→ SOURCE MATERIAL
++++++++++++++++++++

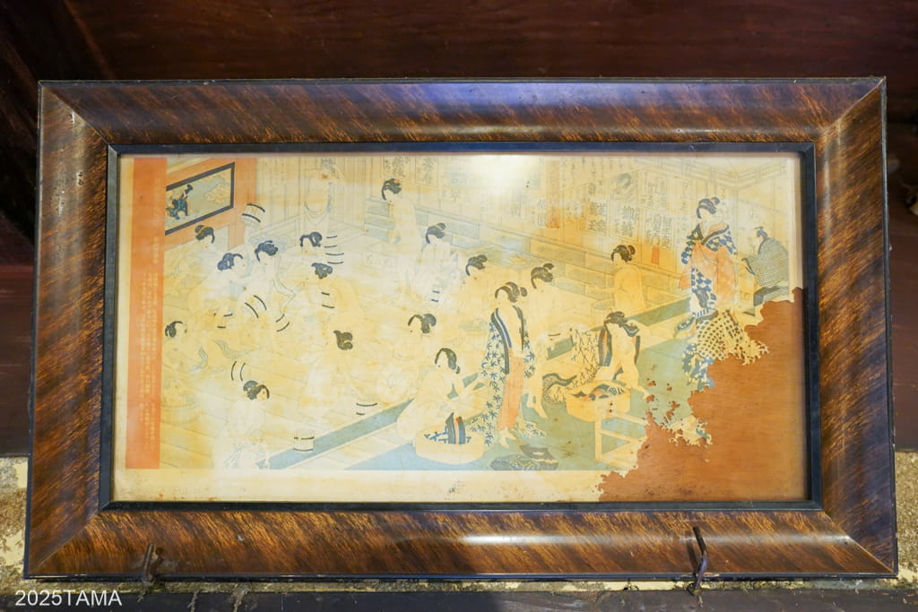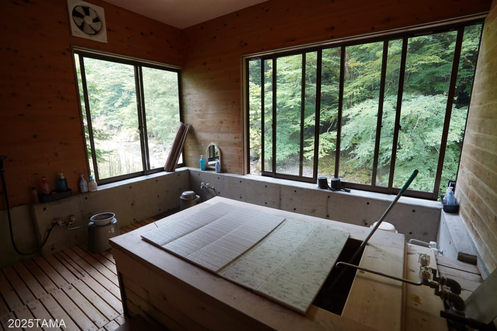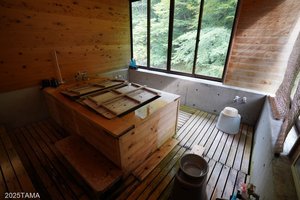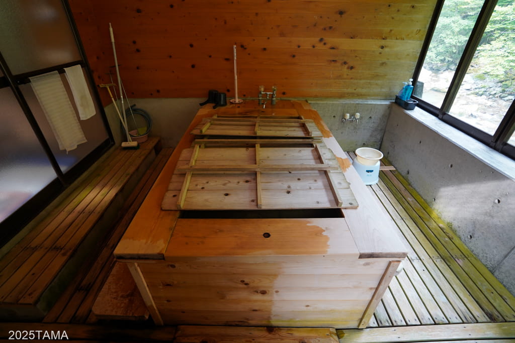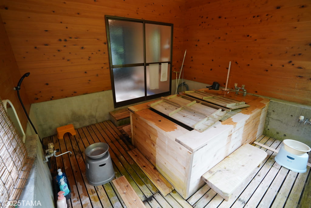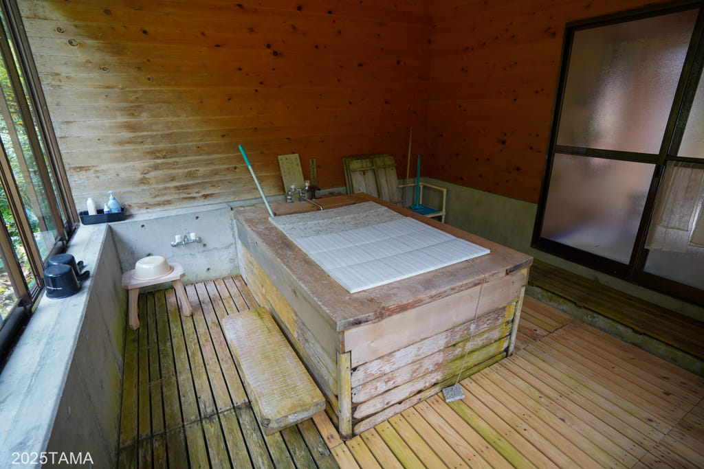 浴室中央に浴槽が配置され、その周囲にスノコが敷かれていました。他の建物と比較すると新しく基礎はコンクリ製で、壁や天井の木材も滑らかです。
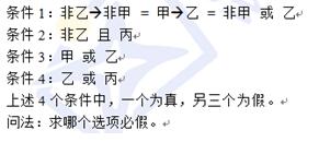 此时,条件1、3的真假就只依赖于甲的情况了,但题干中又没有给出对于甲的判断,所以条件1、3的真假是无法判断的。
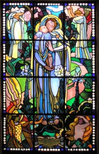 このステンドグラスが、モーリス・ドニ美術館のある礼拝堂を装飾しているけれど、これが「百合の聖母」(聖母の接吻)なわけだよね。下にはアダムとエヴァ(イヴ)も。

++++++++++++++++++++

→ TASK GOAL
Set out nothing but the lines from the line with "此时,条件1、3的真假就只依" through the end of the material, reproduced exactly, both ends included, pictures omitted.

→ TASK RESPONSE
 此时,条件1、3的真假就只依赖于甲的情况了,但题干中又没有给出对于甲的判断,所以条件1、3的真假是无法判断的。
 このステンドグラスが、モーリス・ドニ美術館のある礼拝堂を装飾しているけれど、これが「百合の聖母」(聖母の接吻)なわけだよね。下にはアダムとエヴァ(イヴ)も。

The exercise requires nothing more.